聖鎧ザンヴァイル 少年たちの戦場

原作・氷川輝/著・進藤雄太

第二十三話 東京襲撃 

 東京にある米空軍基地。
 スクランブル発進をしようとした戦闘機に突如としてビーム砲が直撃し、爆散する。

 さらに、火薬や燃料類にも引火しているのか、そこかしこで爆発が発生し騒然となっている基地内の様子を、遙か上空から見下ろす三つの影があった。
 鈍色に輝く甲冑のような装甲を纏った三人のザンナイトの姿――。

「ひゅ~、直撃じゃん。やるね~壌君」

 タイガーズアイの鉱石色に似た装甲を纏うザンナイト【リオン】・干潟一郎が、軽薄な口調で、すぐ隣でビーム砲を放ったザンナイトにジャレつく。

「あんなの余裕だし。いつもやってるゲームより簡単」

「壌君」と呼ばれたザンナイト【セーレ】・木暮壌が淡々とした口調で返す。言いながらザンナイト・セーレは次の的に狙いを定め、ラブラドライトの鉱石色に似た装甲の両肩に装備された二門のビーム砲を構える。

「干潟君もちゃんとお仕事しないと、昇様に怒られちゃいますよ?」

 そう言いながら両手首に装備された拡散粒子砲を放ち、軍の格納庫を次々と爆撃しているのはクロムスフェーンの鉱石色に似た装甲を纏うザンナイト【マリウス】・木下爽子である。

「へいへい、分かってるよ爽子ちゃん。けどさ、アメリカ軍っつってもこの程度なのな。わざわざ俺たちが出向く必要なかったんじゃね?」

 そう言ってザンナイト・リオンは眼下に目を向ける。
 そこには同じような黒い鎧を纏った騎士たちが数十体以上、空軍基地を跡形もなく破壊しようと攻撃を仕掛けている。そしてその周辺には無数に展開された《鉱物》が浮遊していた。

「ここは【クローンナイト】だけに任せておいても問題なさそうじゃん?」

 ザンナイト・リオンは眼下で繰り返される惨劇を眺めながらクスクスと笑い声をあげる。

「そんなこと言って自分だけ楽しないでください。昇様に言いつけますよ?」
「お~怖い。
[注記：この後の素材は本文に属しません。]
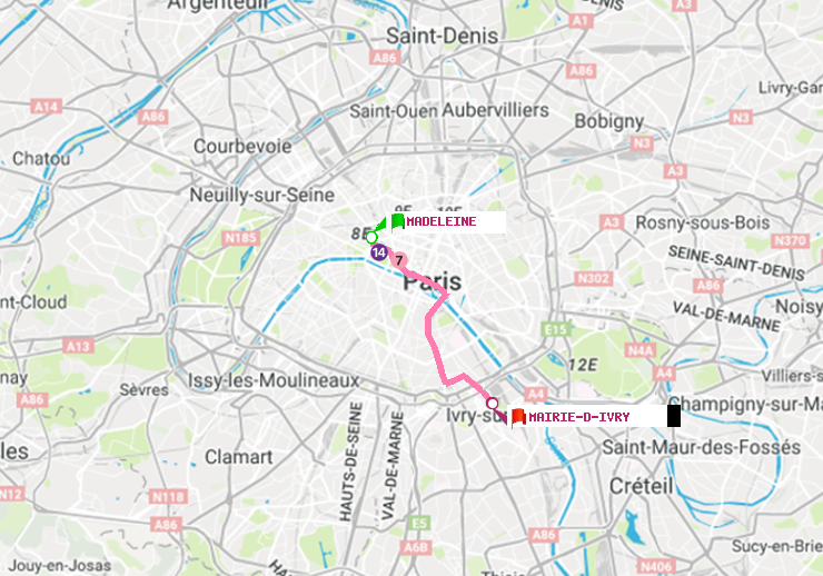 Il n'y a pas de ligne de métro directe entre les stations Madeleine et Mairie d'Ivry. Le trajet est effectué avec une correspondances entre les lignes

そんじゃま、チクられる前にちゃんとやりますかねっと」

 そういうとザンナイト・リオンは地上へと降下し、基地内で一番目立つ建物の前で降り立つ。

「敵だ、撃て! 撃てーっ!」

 ザンナイトの姿を目の前にした米軍兵士が発狂したように発砲指示を飛ばすと、瞬時にザンナイト・リオンに嵐のように銃弾が撃ち込まれる。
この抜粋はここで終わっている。